Workshop: ROP on ARM64 - A Hands-On Tutorial In the workshop, Saumil Shah provided participants with a practical introduction to Return Oriented Programming (ROP) on ARM64. The tutorial covered essential ARM64 assembly concepts, common ROP gadgets, and practical exploit development techniques, including building ROP chains. Shah’s workshop offered a hands-on experience with an ARM64 emulator and equipped participants with the skills to navigate the unique challenges posed by the ARM64 architecture, making it a valuable session for anyone interested in exploit development on this platform.

Malware and Hunting for Persistence Cocomelonc’s presentation focused on unconventional malware persistence techniques in Windows environments. The session highlighted how adversaries use registry modifications and DLL hijacking to maintain persistence on compromised systems.

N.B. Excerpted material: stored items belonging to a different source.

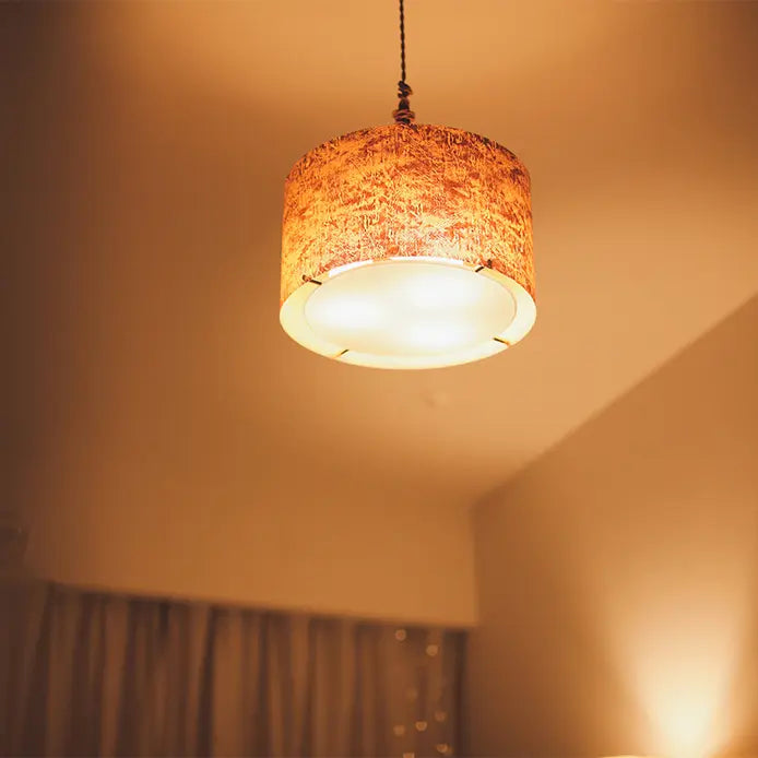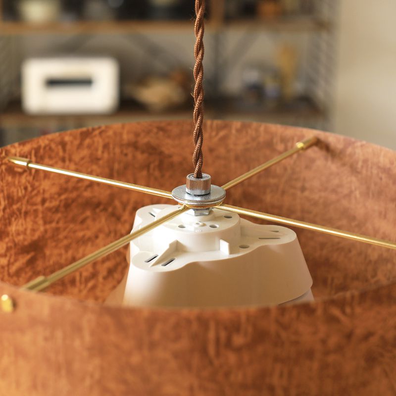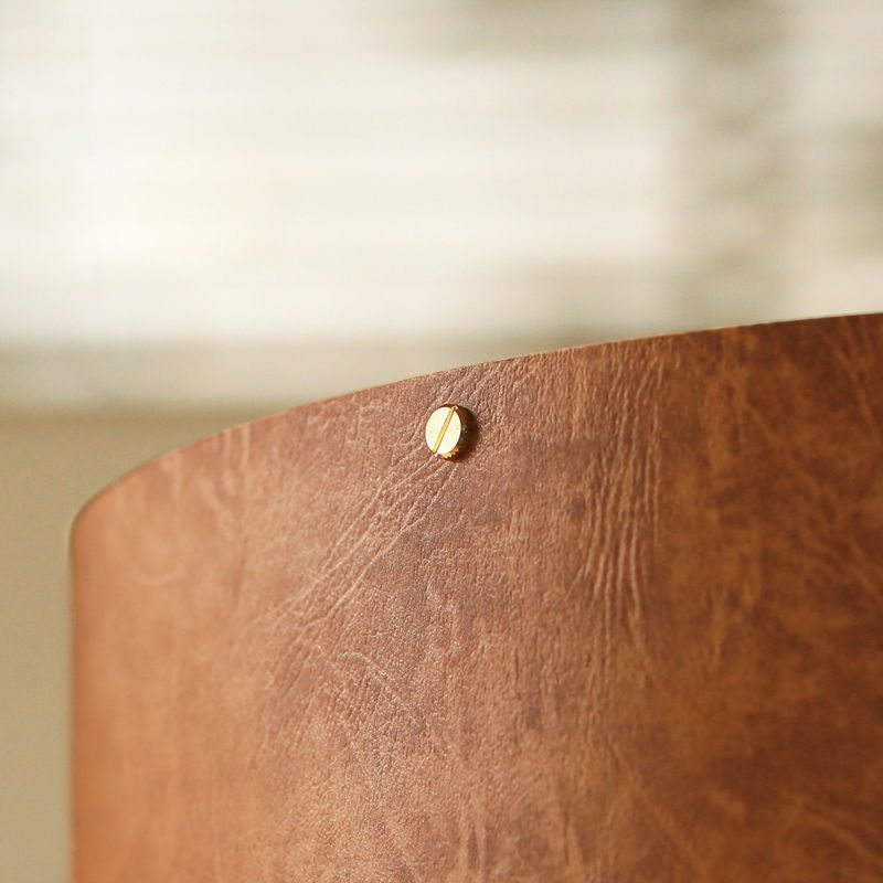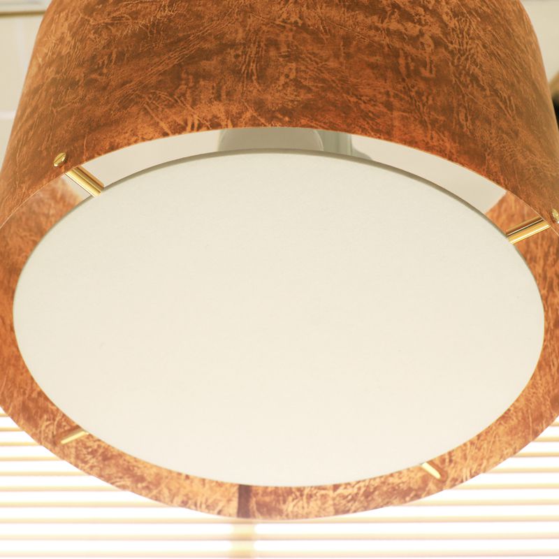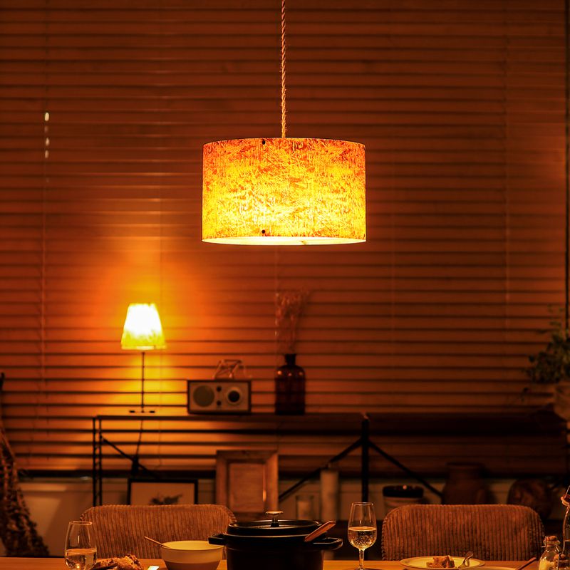 独特の意匠と質感を持ったシェードが特徴のペンダントライトです。まるで本物のレザーのような質感を再現されています。この素材感は、照明の温かみと相まって、空間全体に落ち着いた雰囲気を与えます。
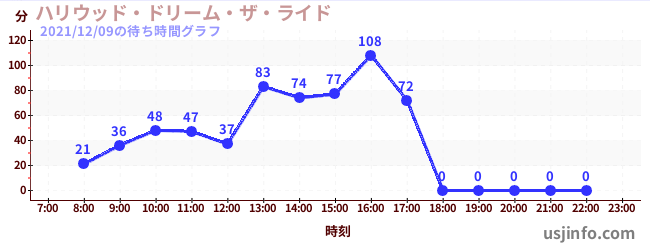 • ハリウッド・ドリーム・ザ・ライド$B$N(B2021年12月09日の待ち時間
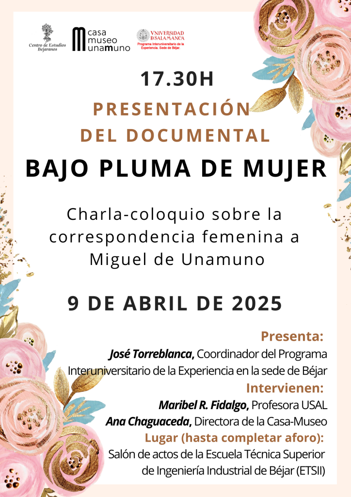 El próximo miércoles 9 de abril, Béjar acogerá una actividad cultural de gran valor histórico y social: la proyección del audiovisual y posterior coloquio del proyecto “Bajo pluma de mujer”, centrado en la correspondencia femenina conservada en el archivo de la Casa-Museo Unamuno de Salamanca.
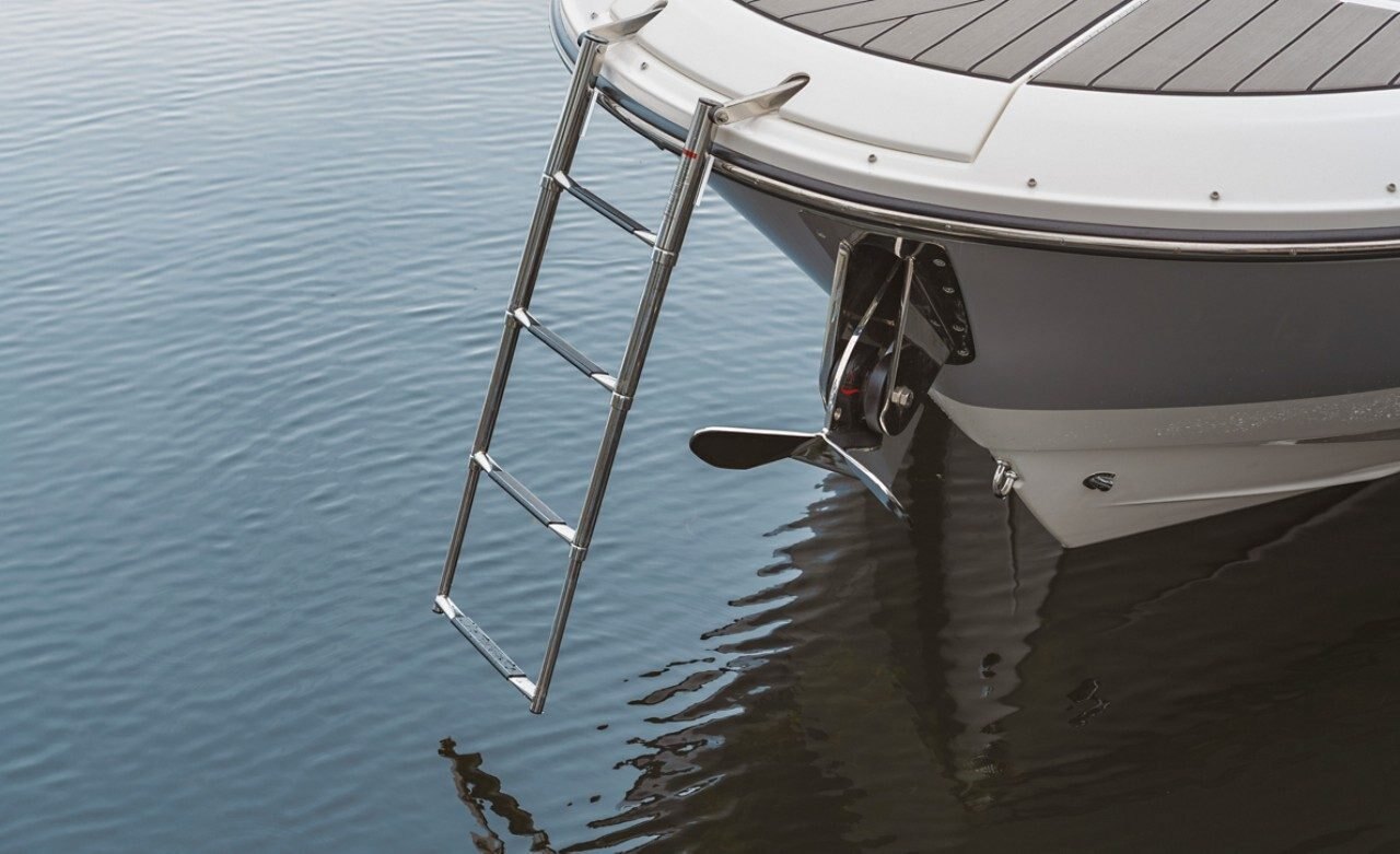 Move seamlessly between the deck and the water with transom-mounted, concealable ladder and optional submersible swim step for swimming and water sports off the back of the boat.
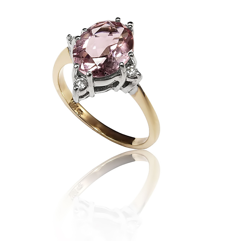 2.27 CT PINK TOURMALINE & DIAMOND RING: 14K yellow gold ring centers an approx. 2.27 Ct shaped mixed cut tourmaline, VS in clarity. The four diamonds total approx. .12 Ct., VS in clarity and GH-I in color. All stones are prong set. Size 6. Sold with current Atlanta Gemological GIA graduates appraisal for $1,050.
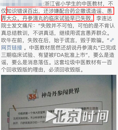 9月14日,微博網(wǎng)友披露浙江省小學(xué)生的中醫(yī)教材《中醫(yī)藥與健康》中“不僅存在知識(shí)錯(cuò)誤百出,還涉嫌配合藥企撒謊造謠、愚弄大眾”,引起廣泛關(guān)注。
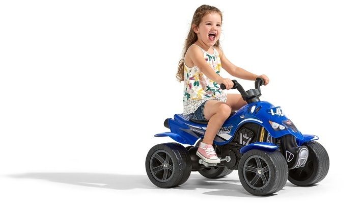 Čtyrkolka šlapací Falk racing team modrá. Z vysoce odolného a kvalitního plastu. Velikost 84×50×56 cm. Věk 3+. Všechny traktory Falk jsou testovány na 50kg – dle požadavků evropských norem.
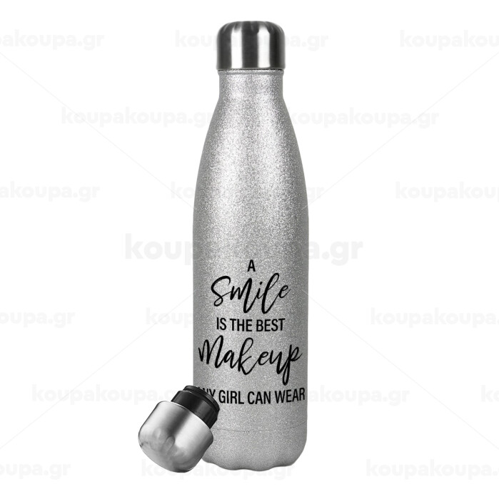 A slime is the best makeup any girl can wear, Μεταλλικό παγούρι θερμός Glitter Aσημένιο (Stainless steel), διπλού τοιχώματος, 500ml
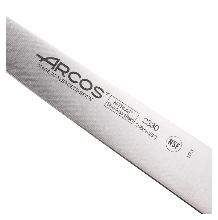 Нож для нарезки ARCOS Riviera Blanca 233024W используется на предприятиях общественного питания и торговли, а также в частных домах и квартирах. Кованое лезвие изготовлено из высококачественной нержавеющей стали NITRUM, эргономичная ручка - из полиоксиметилена. Особенности:
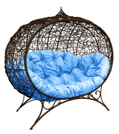 Диван "УЛЕЙ" на ножках с ротангом коричневый, голубая подушка Черный/Бежевый
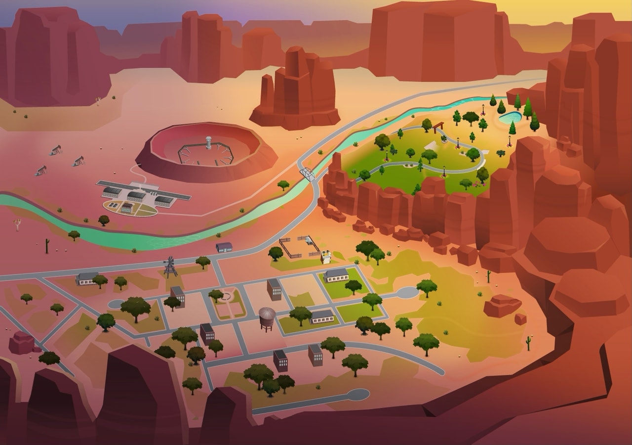 - Городок поделен на 2 района и состоит из 11 участков, которые можно редактировать и одного секретного;
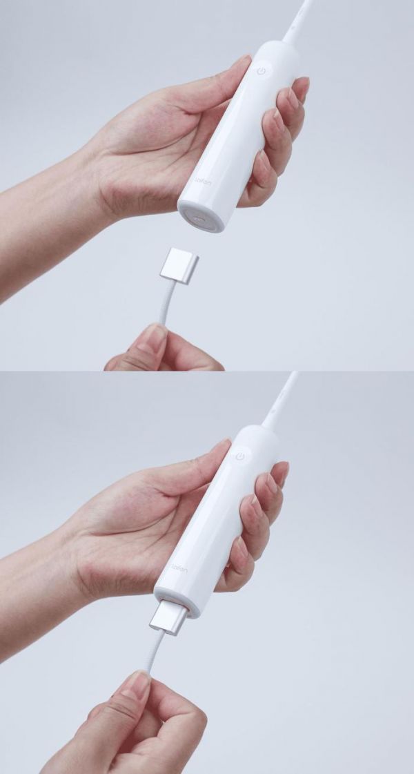 先来说说它的外观,采用无缝一体成型设计,所以整个机身都没有明显的合模线,看起来整体的质感也很精致,简约且大方,按键也是用的无缝按压,还不易进水,防误触功能强,一体成型还有一个好处就是长时间使用不会藏污纳垢,像我之前的电动牙刷用久了以后,按键的缝隙、充电口和机身的一些缝隙就会有很多污垢,看着就比较脏,而且也很难清理。
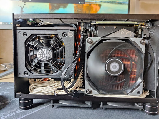 itx背靠背机箱无风道,使用转向架改变散热器方向,使用转接架更换12cm风扇,但之前的内存条挡风扇,找到了科赋的,准备买8*2g,结果有免息券,直接上16*2。没超,只开xmp运行。
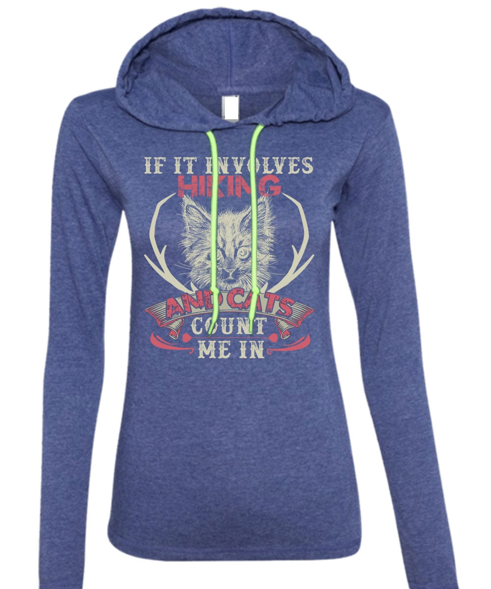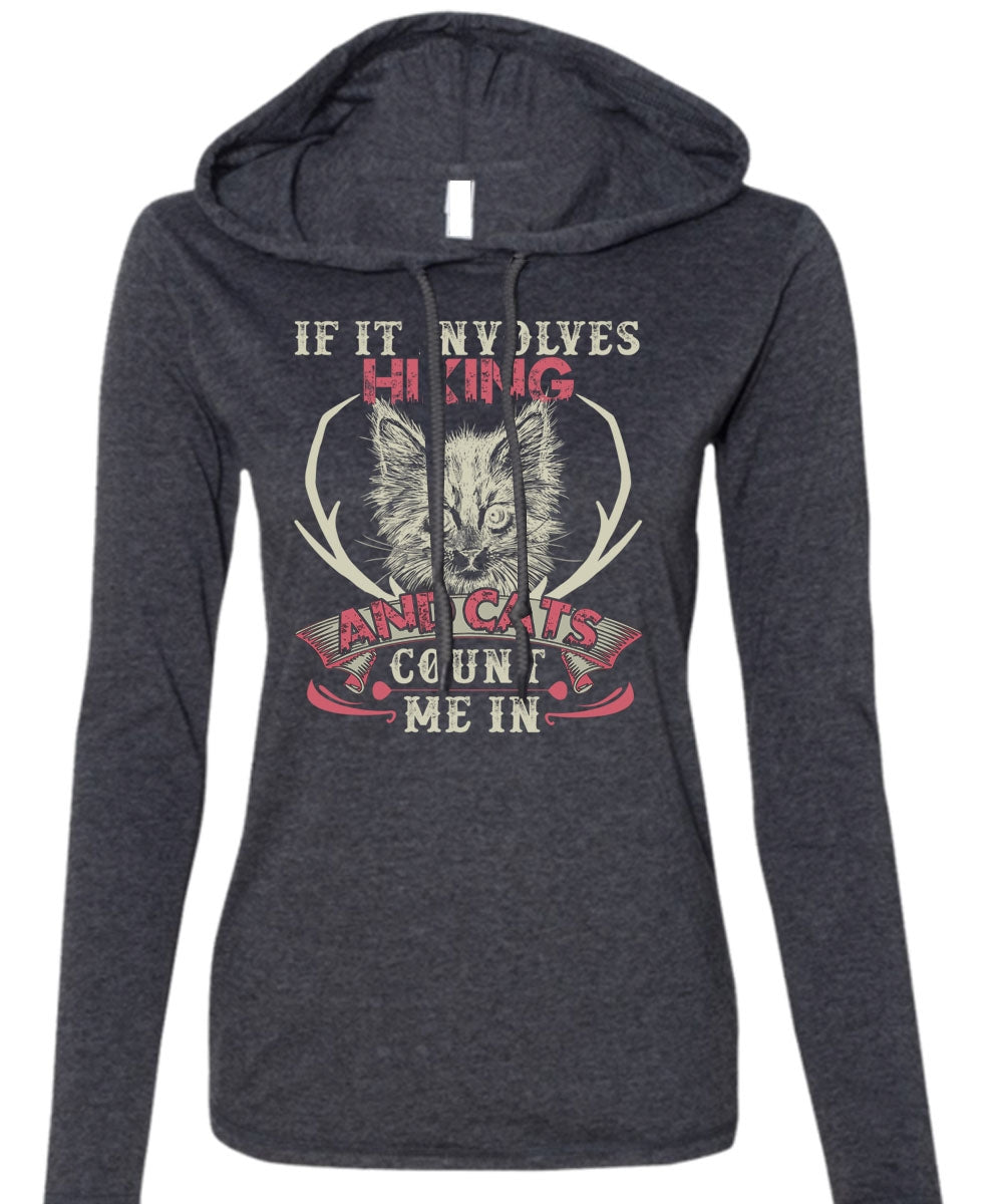 If It Involves Hiking T Shirt, Cats Count Me In T Shirt (Anvil Ladies Ringspun Hooded)
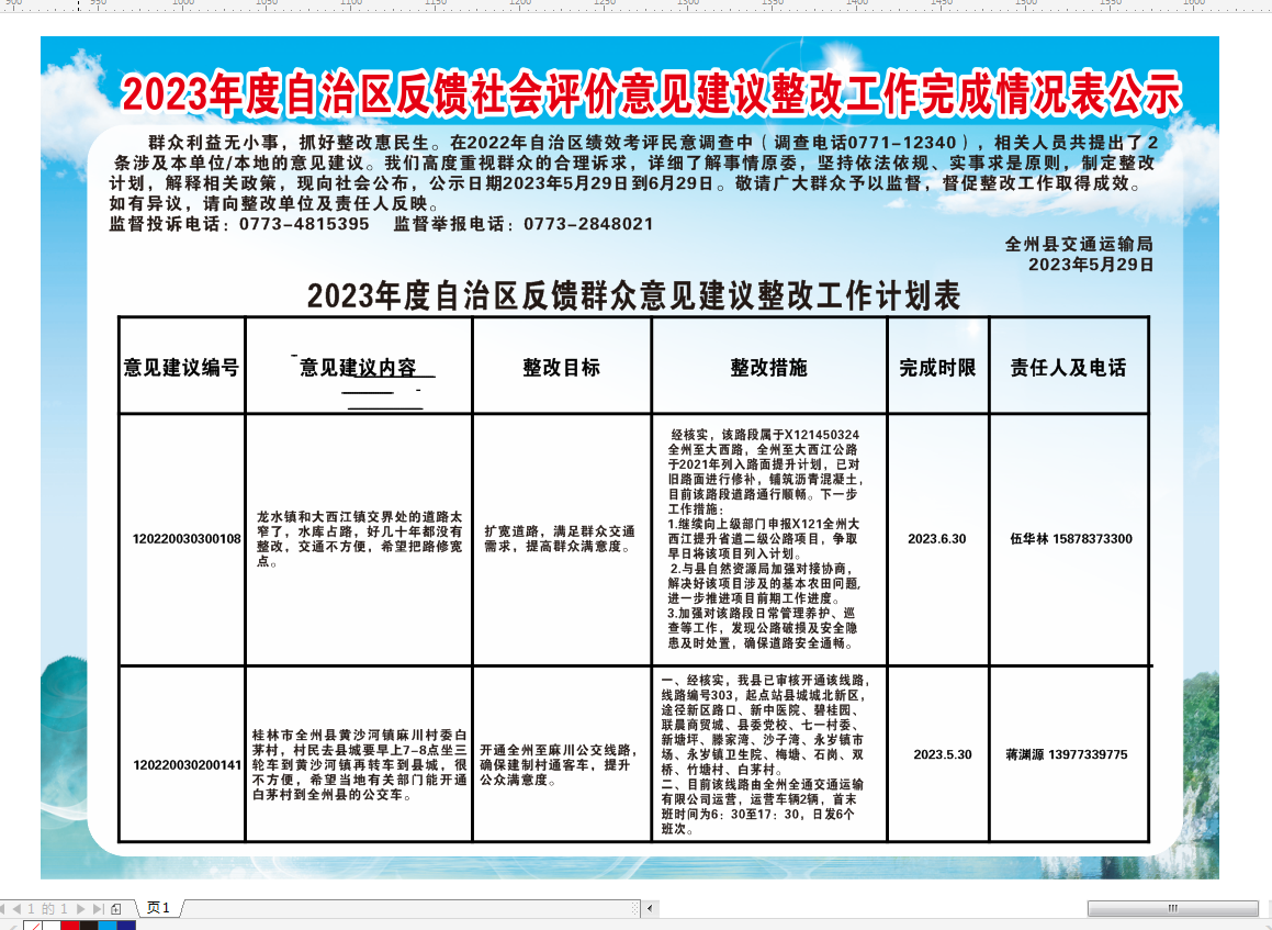 2023年度自治区反馈社会评价意见建议整改工作完成情况表公示
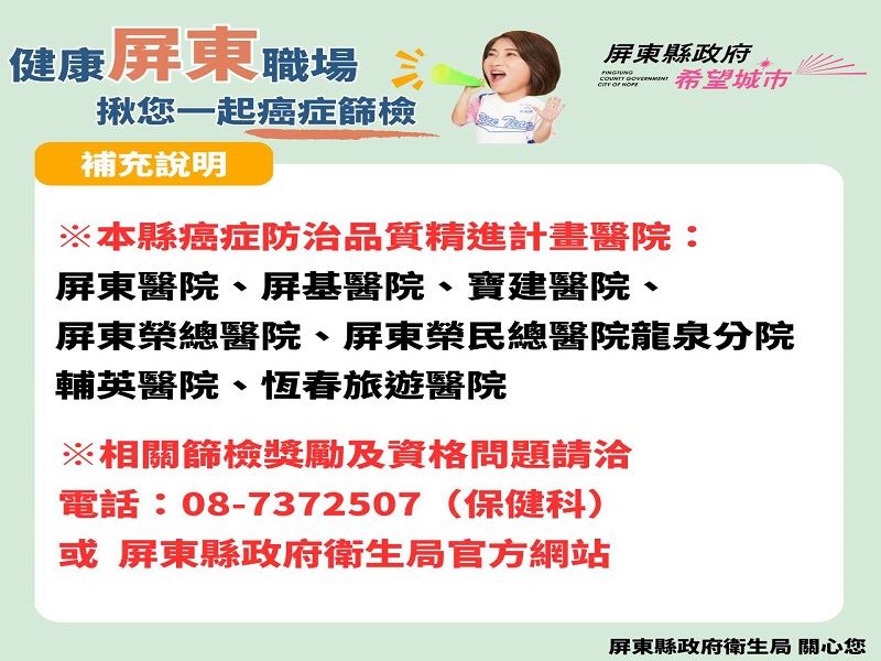 ▲即早發現、即早轉介、即早治療,癌篩專線(08)738-0995洽詢(圖/屏東縣政府衛生局)
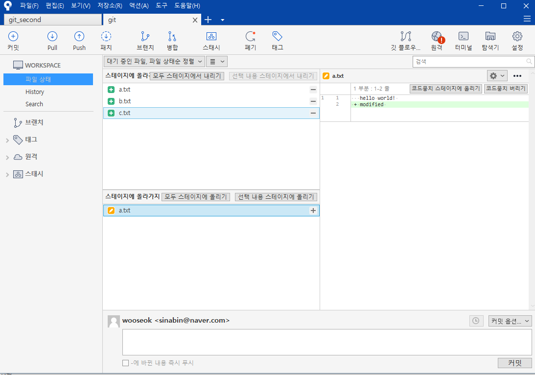 a.txt 라는 파일은 수정되어있다고 나와있다. 이를 sourcetree로 확인해본다면
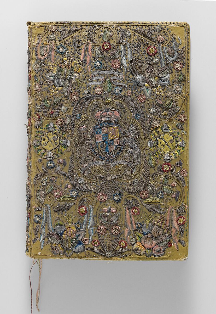This elaborate quarto-size bookbinding is the work of a professional embroiderer and contains a rich variety of materials applied with a series of complex and imaginative techniques. The composition of the cover and matching back is dominated by a central royal blazon of the Stuart monarchy quartered with the arms of England, Scotland, and Ireland. The arms are surmounted by the royal crown and supported by a lion and unicorn engaging the shield with the Order of the Garter with its motto: "Honi Soit Qvi Mal Y Pense" in silver filé. The royal arms are surrounded by a voluted cartouche accentuated by fronds of tightly packed silver purl, couched down closely onto the green satin ground and headed by a scroll with the inscription "Gloria Deo." Flanking this central cartouche are two unidentified badges bearing a crossed silver key and what appears to be a staff, each within a wreath of satin-stitch laurel leaves and silver bells. Beneath and above these is a finely worked voluted interlace of couched silver cording, from which all the foliage, flowers, and heavily fruit-laden festoons hang in thick profusion.
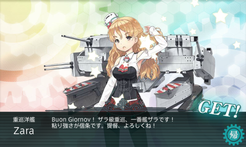 Zaraの長射程の砲はうまく使うと便利そうですが、本人は最初から長射程なので、使う必要があるのか謎ですね。フィット補正とかはあるんだろうか。

Through case studies, including vulnerabilities in Internet Explorer, Microsoft Teams, and cryptographic APIs, Cocomelonc demonstrated how attackers exploit legitimate Windows resources to evade detection and maintain long-term access, emphasizing the importance of robust detection strategies to counter these attacks.

Breaking Industrial Protocol Translation Devices Claire Vacherot shared insights from her research into vulnerabilities in Anybus X-gateways, critical devices used for translating industrial protocols. Vacherot revealed how these often-overlooked gateways are prime targets for attackers, given their role in maintaining communication between OT systems. She detailed three critical vulnerabilities in the device, including unauthenticated access, manipulation of proprietary protocols, and denial-of-service attacks, showing how attackers can exploit these weaknesses to disrupt industrial processes.

In-Depth Study of Linux Rootkits: Evolution, Detection, and Defense Stephan Berger’s talk explored the evolution of Linux rootkits, from early userland techniques to modern kernel-level rootkits. Berger outlined advanced rootkit techniques, such as hooking kernel functions and exploiting eBPF, and provided a thorough review of detection strategies using integrity checking, behavioral analysis, and memory forensics. By analyzing rootkits like Bedevil and Diamorphine, Berger underscored the importance of using modern detection tools to uncover sophisticated threats in Linux environments.

Decoding Galah: an LLM-Powered Web Adel Karimi introduced Galah, an innovative honeypot powered by large language models (LLMs) that dynamically generates realistic HTTP responses to simulate multiple web applications. Karimi discussed the challenges of building Galah, including issues with response formatting and the difficulty of maintaining deception. Despite these challenges, Galah successfully engaged attackers, particularly in cases involving open proxy emulation. This approach showcased the potential of using LLMs to improve honeypot realism and increase attacker interaction.